■ **TASK DIRECTIONS**: Please repeat only the lines below starting at the line that holds "2pcs Drum Brush" and ending at the line that holds "Санвузол обладнаний бойлером", exactly, with both of those lines included and every picture omitted.

■ **GIVEN DATA**:
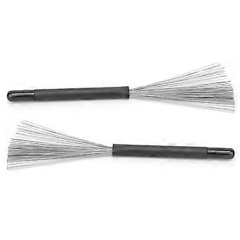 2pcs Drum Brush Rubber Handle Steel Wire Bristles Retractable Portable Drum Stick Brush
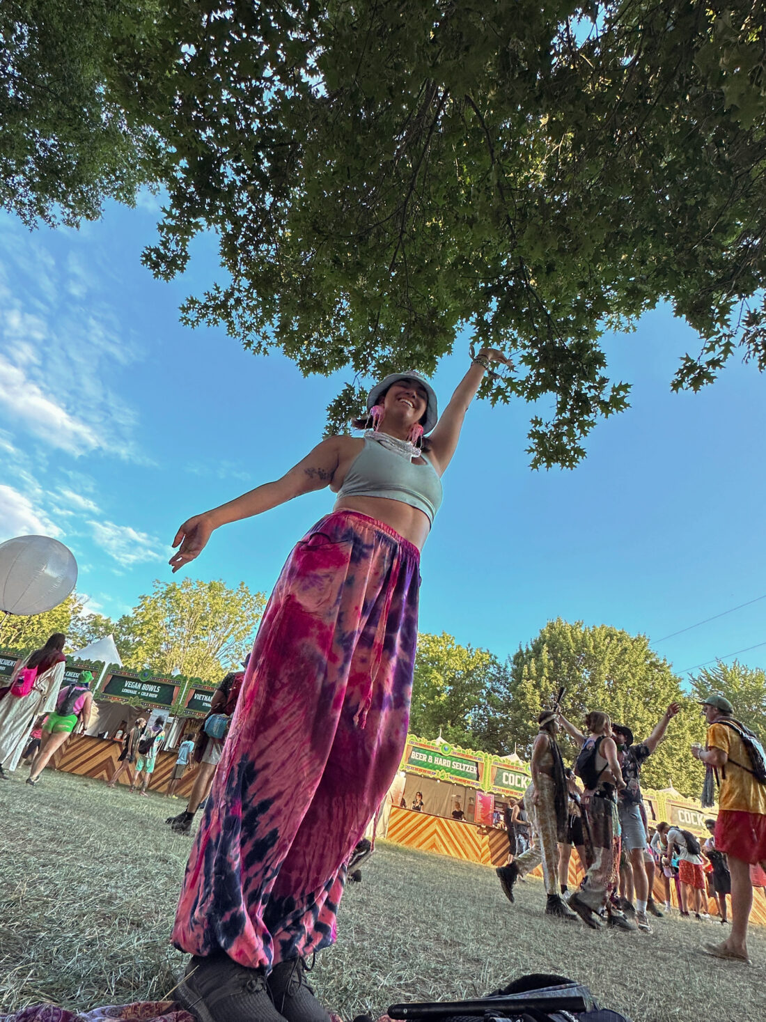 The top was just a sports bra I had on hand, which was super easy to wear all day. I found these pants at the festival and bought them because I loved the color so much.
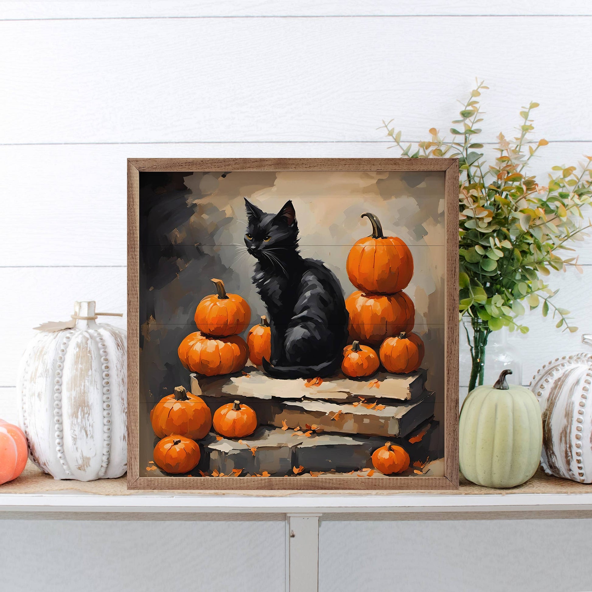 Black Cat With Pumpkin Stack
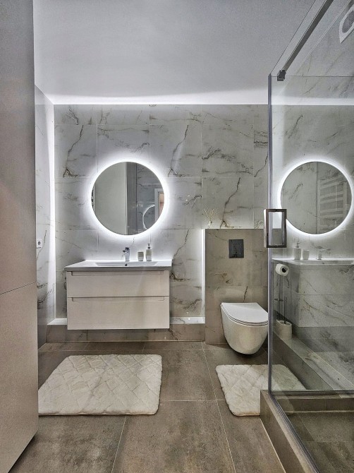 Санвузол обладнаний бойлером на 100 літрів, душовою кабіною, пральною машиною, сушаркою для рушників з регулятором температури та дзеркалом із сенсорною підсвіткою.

--

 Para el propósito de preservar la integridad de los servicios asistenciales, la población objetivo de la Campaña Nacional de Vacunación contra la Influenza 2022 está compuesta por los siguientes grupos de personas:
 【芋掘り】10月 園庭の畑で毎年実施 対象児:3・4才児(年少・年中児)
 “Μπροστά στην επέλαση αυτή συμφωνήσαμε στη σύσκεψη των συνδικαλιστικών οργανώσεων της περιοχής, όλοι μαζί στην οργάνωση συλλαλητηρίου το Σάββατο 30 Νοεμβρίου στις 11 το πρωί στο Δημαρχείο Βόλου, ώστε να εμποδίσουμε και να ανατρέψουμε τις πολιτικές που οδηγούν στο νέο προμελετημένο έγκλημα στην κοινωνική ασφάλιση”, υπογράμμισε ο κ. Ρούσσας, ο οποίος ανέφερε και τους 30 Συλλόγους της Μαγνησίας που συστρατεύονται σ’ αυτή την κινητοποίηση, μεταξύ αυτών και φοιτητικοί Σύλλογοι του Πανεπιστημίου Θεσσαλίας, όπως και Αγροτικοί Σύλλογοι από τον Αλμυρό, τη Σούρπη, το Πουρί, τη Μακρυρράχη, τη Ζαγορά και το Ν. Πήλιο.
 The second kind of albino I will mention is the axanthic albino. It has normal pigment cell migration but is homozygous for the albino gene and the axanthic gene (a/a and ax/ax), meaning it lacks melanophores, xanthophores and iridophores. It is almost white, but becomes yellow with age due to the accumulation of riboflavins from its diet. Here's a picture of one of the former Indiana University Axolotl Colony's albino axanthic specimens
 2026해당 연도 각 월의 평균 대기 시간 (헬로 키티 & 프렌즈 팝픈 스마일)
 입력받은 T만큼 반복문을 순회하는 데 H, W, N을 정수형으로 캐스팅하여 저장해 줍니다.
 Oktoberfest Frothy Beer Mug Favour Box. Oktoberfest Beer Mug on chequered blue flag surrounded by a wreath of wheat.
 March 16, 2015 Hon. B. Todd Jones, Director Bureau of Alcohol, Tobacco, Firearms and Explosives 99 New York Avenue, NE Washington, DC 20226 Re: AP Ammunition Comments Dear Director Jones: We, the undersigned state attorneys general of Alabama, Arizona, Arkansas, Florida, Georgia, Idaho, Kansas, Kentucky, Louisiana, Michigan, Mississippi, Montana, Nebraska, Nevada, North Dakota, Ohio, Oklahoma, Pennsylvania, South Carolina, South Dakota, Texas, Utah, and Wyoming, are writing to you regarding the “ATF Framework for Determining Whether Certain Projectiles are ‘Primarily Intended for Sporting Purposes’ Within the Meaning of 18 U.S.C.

■ **EXERCISE RESULT**:
 2pcs Drum Brush Rubber Handle Steel Wire Bristles Retractable Portable Drum Stick Brush
 The top was just a sports bra I had on hand, which was super easy to wear all day. I found these pants at the festival and bought them because I loved the color so much.
 Black Cat With Pumpkin Stack
 Санвузол обладнаний бойлером на 100 літрів, душовою кабіною, пральною машиною, сушаркою для рушників з регулятором температури та дзеркалом із сенсорною підсвіткою.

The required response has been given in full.